Akla gelen ilk soru şu: Pompeo Çinli uygulamalardan hangilerine güveniyor? Aslında güvenilmez bulduğunun Çin merkezli tüm uygulamalar olduğunu varsaymak mümkün.
'İnternetin Balkanlaşması'
Surrey Universitesi'nden güvenlik uzmanı Alan Woodward'a göre bu, internetin göz göre göre "Balkanlaşması" demek:
"ABD hükümeti uzun yıllar diğer ülkeleri internete erişimi kontrol etmekle eleştirdi. Görüyoruz ki şimdi Amerikalılar aynı şeyi yapıyor."
Bu yorum biraz abartı olarak görülebilir. Neticede Pompeo'nun ABD internetinden Çinli şirketleri temizlemek adına ortaya koyduğu gerekçeler, otoriter hükümetlerin interneti kontrol etmesinden çok farklı.
Ancak Pompeo bu yolu takip ederse ABD'nin siber politikalarının onlarca yıl geriye gidebileceği doğru.
ABD, anayasal bir prensip olarak ifade özgürlüğüne dayanan özgür internet konusunda öncü bir ülke.
ABD Başkanı Donald Trump, biraz da ülkede faaliyet gösteren Çinli şirketlerden kaynaklı meşru güvenlik kaygıları nedeniyle farklı bir yol izliyor.
WeChat uyarısı
Facebook'un eski baş güvenlik sorumlusu Alex Stamos, adı çok anılan TikTok'un kaygılanılması gereken Çinli uygulamalar arasında "buzdağının görünen yüzü" olduğunu anlatıyor ve ekliyor:
"TikTok benim ilk 10 listemde bile değil."
Stamos'a göre ABD'nin asıl uyanık olması gereken uygulama, Tencent'e ait WeChat mesajlaşma uygulaması:
"WeChat dünyadaki en popüler mesajlaşma uygulamalarından biri. İnsanlar WeChat üzerinden şirket yönetiyor.

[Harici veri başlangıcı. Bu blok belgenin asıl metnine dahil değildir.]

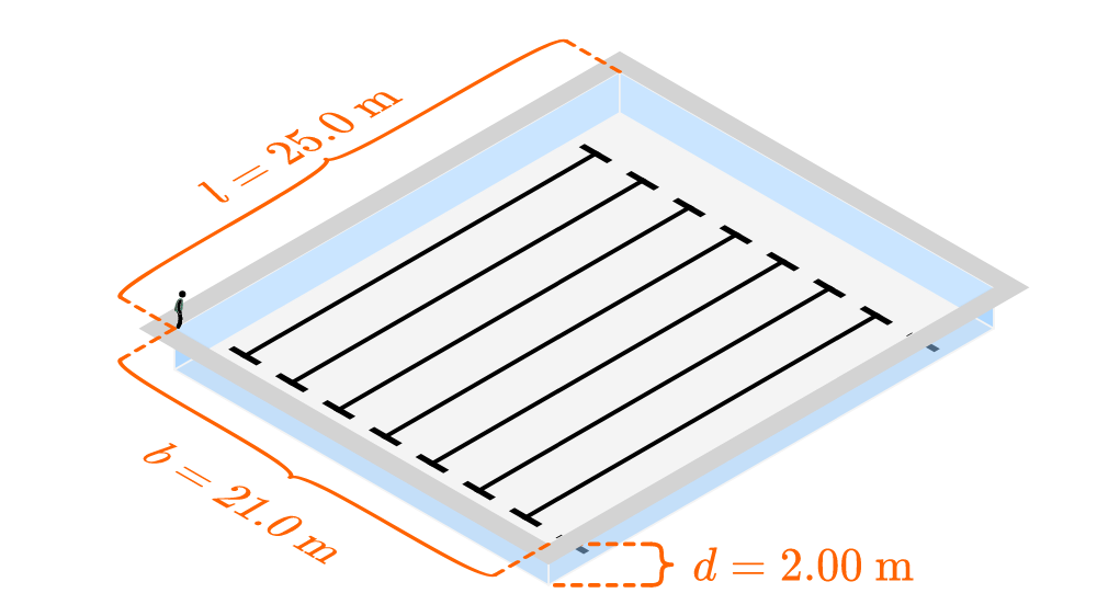 Het volume van het zwembad kunnen we vinden door de lengte, breedte en diepte met elkaar te vermenigvuldigen:

Son derece hassas bilgilere sahipler."
Pompeo da potansiyel hedefler arasında WeChat'in adını anıyor.
ABD seçimleri
Tüm bunların 3 Kasım'daki ABD seçimleriyle ilişkisi olmadığını söylemek zor. Trump'ın Çin karşıtı söylemi, teknolojiden ibaret değil.

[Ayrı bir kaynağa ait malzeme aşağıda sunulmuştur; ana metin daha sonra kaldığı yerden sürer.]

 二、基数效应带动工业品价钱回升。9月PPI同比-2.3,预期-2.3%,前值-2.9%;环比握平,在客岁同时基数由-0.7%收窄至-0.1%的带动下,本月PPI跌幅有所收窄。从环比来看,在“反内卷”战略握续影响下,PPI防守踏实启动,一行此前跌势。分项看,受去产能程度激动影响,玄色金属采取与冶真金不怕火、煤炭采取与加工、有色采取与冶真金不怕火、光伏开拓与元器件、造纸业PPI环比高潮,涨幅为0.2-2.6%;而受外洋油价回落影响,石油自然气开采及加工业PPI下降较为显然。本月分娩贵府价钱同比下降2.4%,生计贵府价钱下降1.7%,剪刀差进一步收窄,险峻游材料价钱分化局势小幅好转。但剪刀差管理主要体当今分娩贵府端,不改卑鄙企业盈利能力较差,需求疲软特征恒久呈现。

Peki bu politik bir pozisyon mu, yoksa sadece bir duruştan mı ibaret?
Trump'ın seçimleri kaybetmesi elbette mümkün. Demokratlar Çin şirketlerine daha ılımlı yaklaşabilir.
Ancak Trump'ın Çin'den arındırılmış bir "ABD interneti" yaratma vizyonu, konuyu daha ciddi tartışmalara açık hale getiriyor.
İşin ironik yanı, internet bu durumda Çinli versiyonuna daha çok benzeyecek.
TikTok'a bakmak yeterli. Microsoft TikTok'un ABD'deki kolunu satın alsa, ortada üç tane farklı TikTok göreceğiz: Çin'deki TikTok (Douyin adıyla anılıyor), ABD'deki TikTok ve dünyanın geri kalanındaki TikTok.
Bu geleceğin interneti için bir model olabilir mi?